╭──

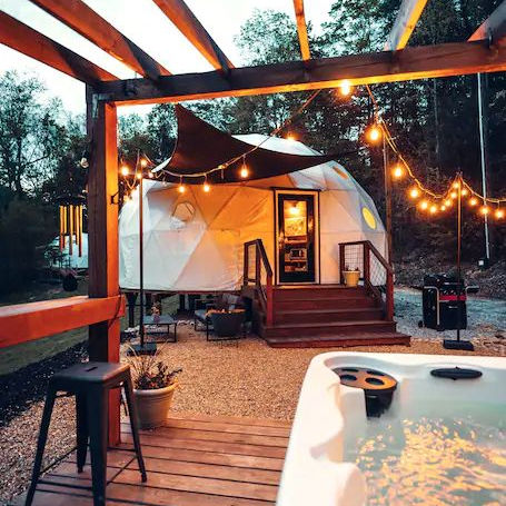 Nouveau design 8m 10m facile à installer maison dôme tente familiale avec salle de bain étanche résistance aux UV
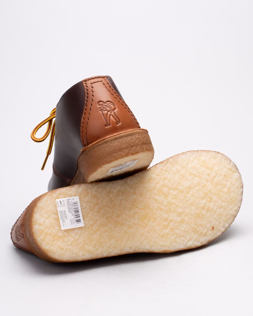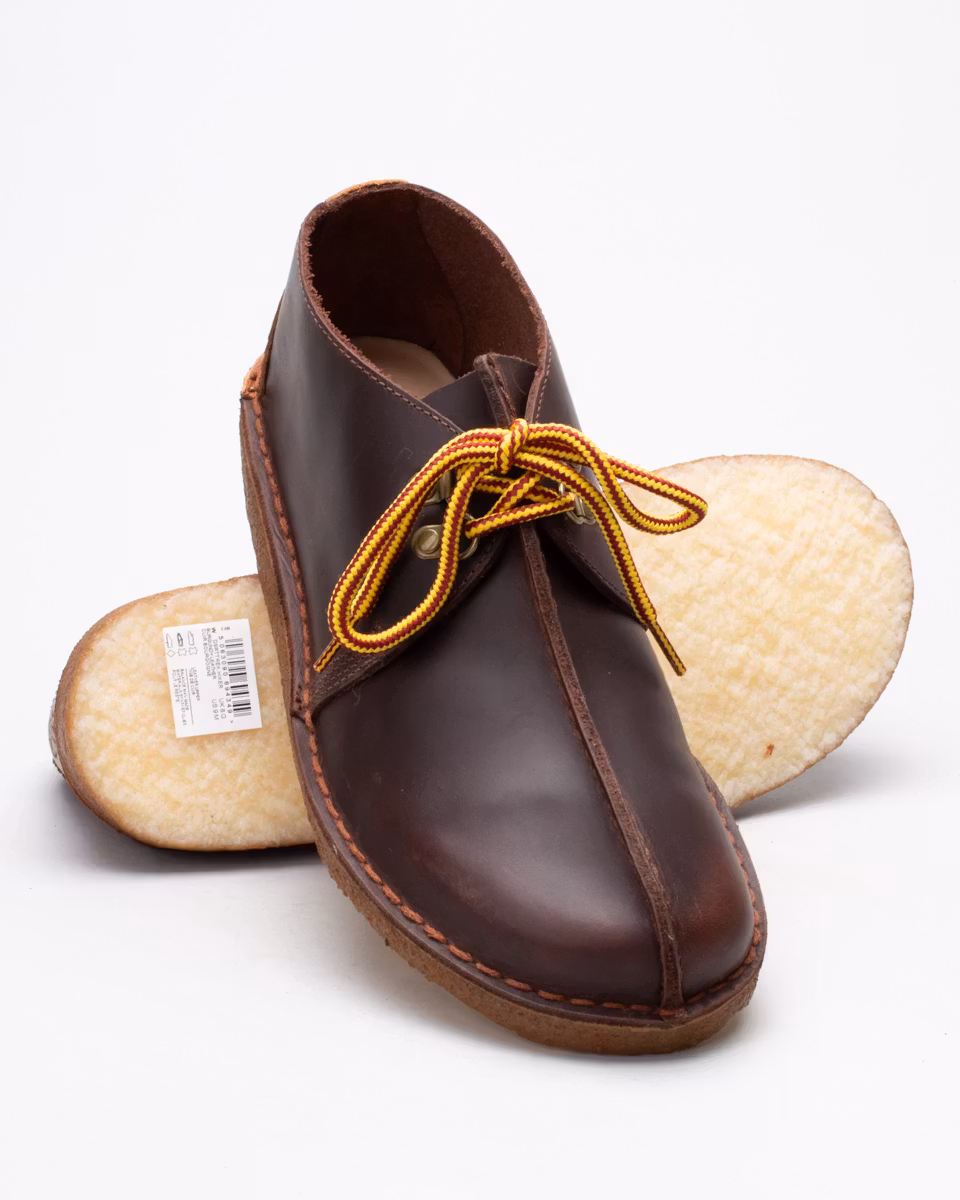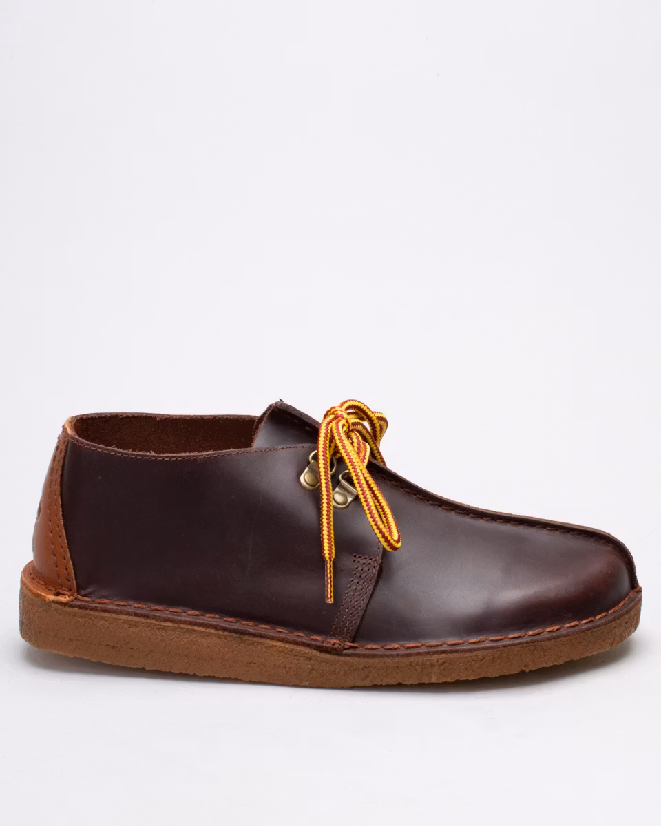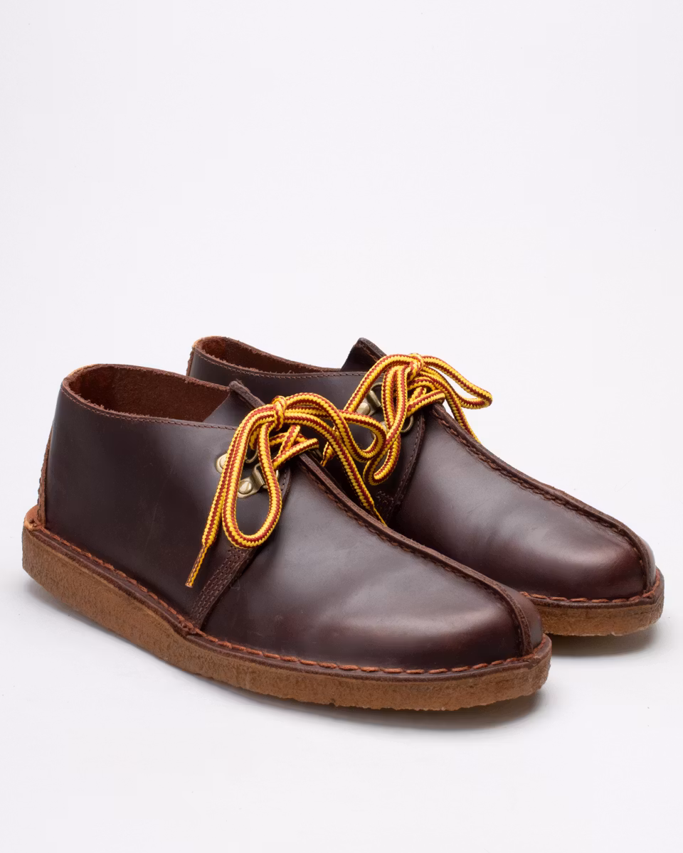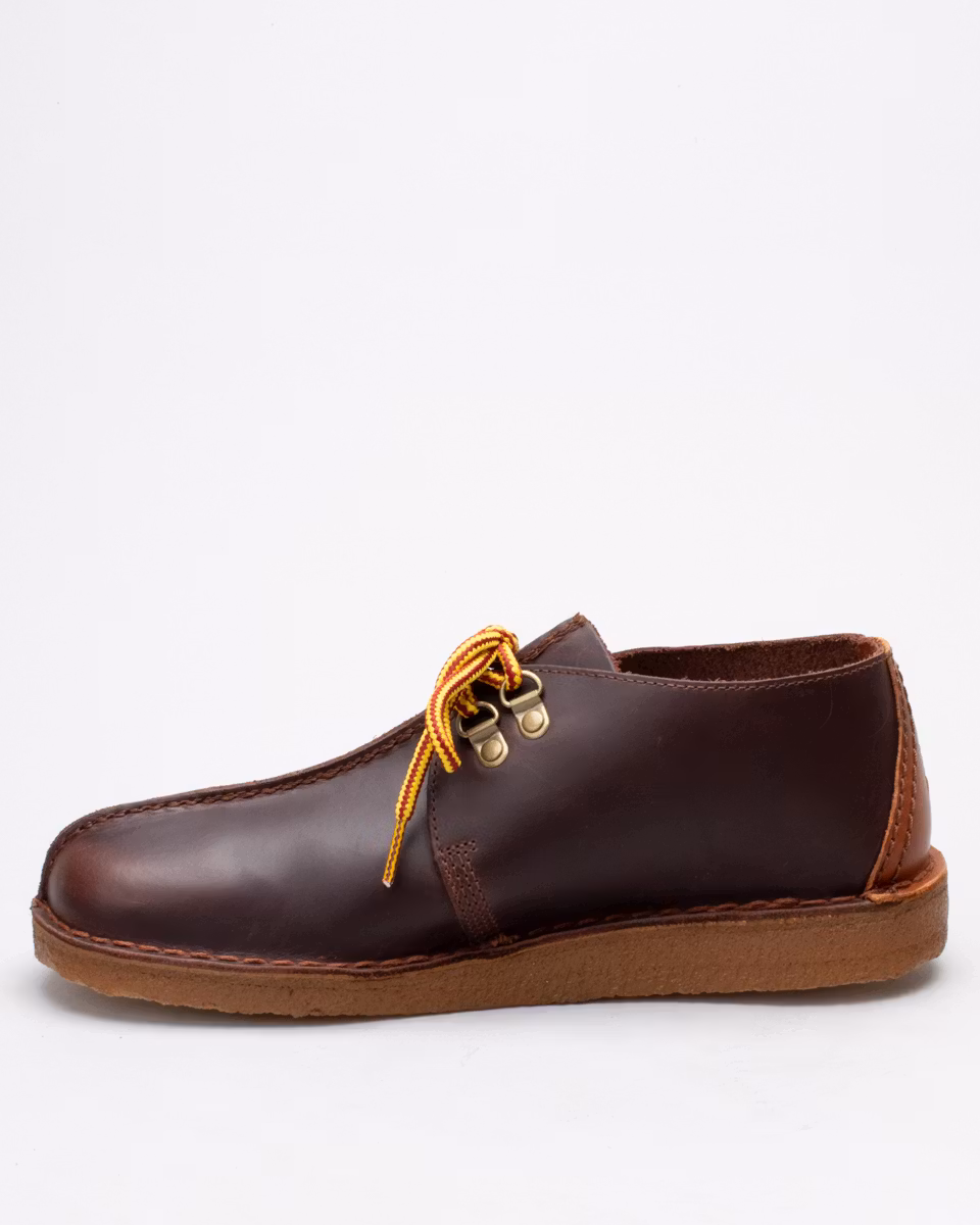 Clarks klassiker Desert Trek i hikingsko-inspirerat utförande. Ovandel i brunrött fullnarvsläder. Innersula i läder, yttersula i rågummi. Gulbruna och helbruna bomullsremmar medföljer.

╰──
╭──

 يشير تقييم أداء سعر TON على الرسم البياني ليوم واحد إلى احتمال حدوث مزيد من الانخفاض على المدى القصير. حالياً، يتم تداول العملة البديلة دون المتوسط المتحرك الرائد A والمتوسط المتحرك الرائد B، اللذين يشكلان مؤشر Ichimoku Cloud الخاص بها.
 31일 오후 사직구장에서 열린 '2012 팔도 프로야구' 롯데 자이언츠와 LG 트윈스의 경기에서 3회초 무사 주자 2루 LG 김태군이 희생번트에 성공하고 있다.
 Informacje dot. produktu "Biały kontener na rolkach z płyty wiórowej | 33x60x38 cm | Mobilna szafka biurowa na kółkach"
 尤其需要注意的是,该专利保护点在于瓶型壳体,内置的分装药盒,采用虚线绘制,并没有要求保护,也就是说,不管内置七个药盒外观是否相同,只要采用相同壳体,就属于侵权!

╰──
╭──

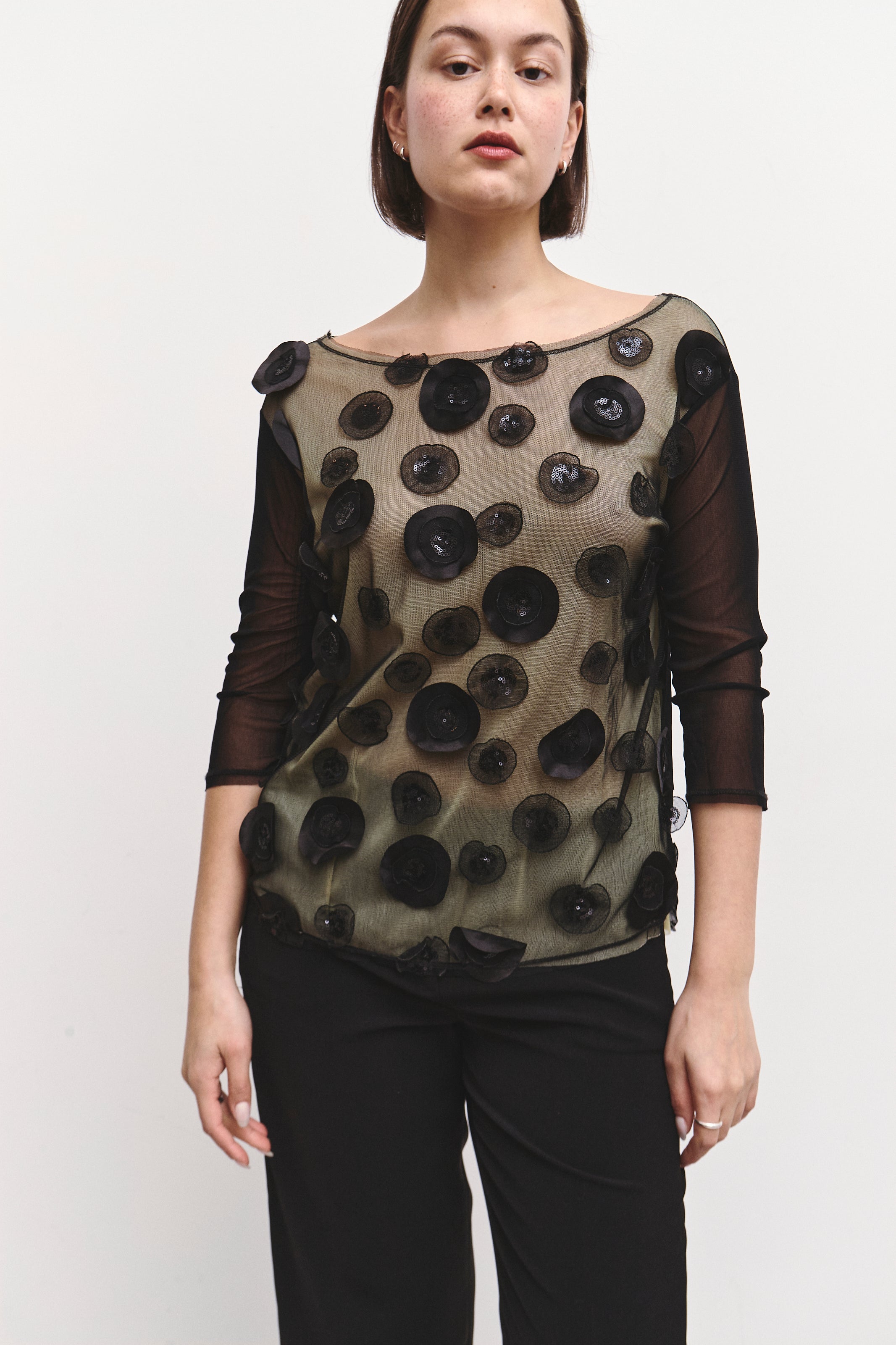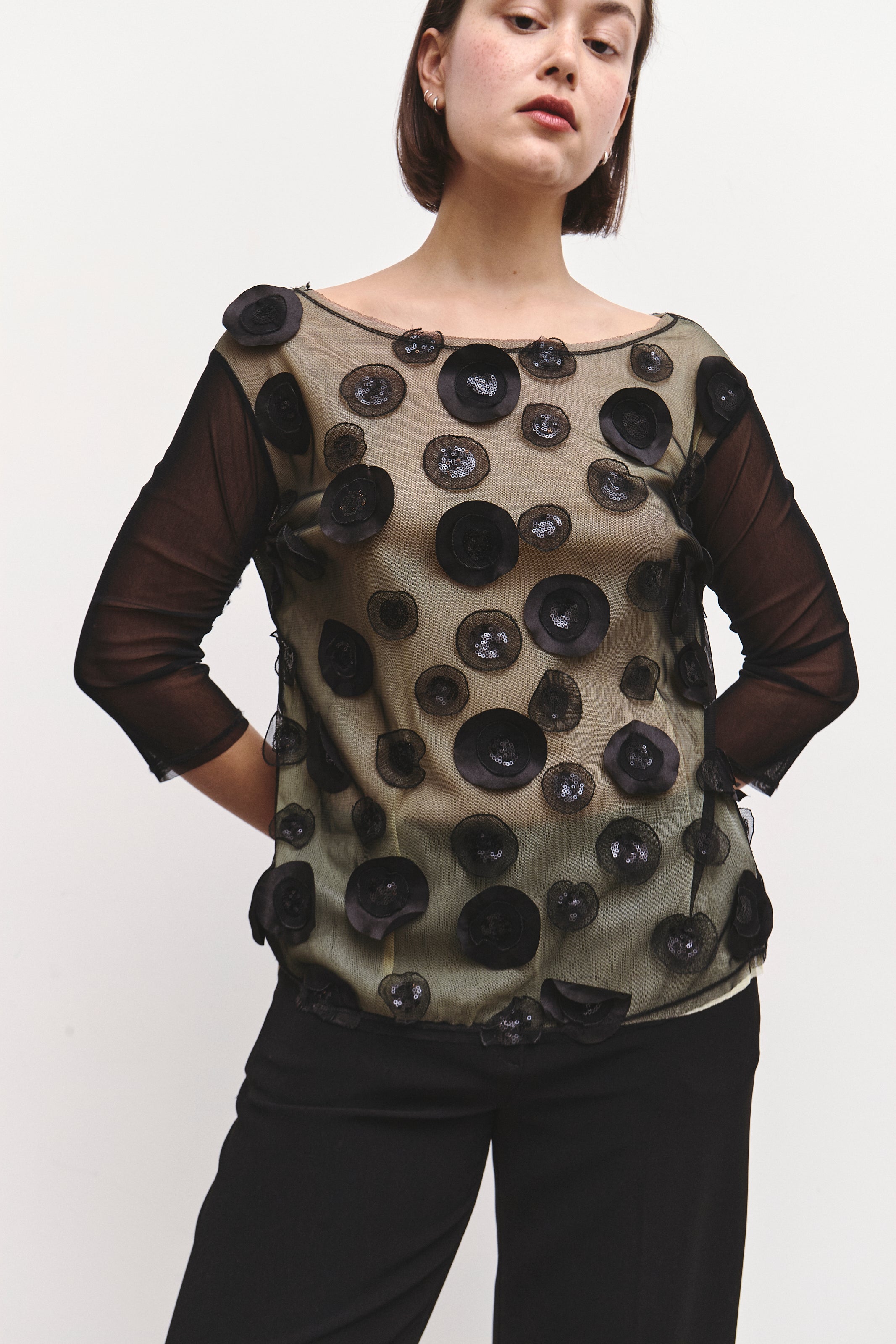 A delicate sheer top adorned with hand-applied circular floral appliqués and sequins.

╰──

Give back exactly the lines above that run from the one with "Nouveau design 8m" to the one with "Clarks klassiker Desert", including both, with the pictures left out.

 Nouveau design 8m 10m facile à installer maison dôme tente familiale avec salle de bain étanche résistance aux UV
 Clarks klassiker Desert Trek i hikingsko-inspirerat utförande. Ovandel i brunrött fullnarvsläder. Innersula i läder, yttersula i rågummi. Gulbruna och helbruna bomullsremmar medföljer.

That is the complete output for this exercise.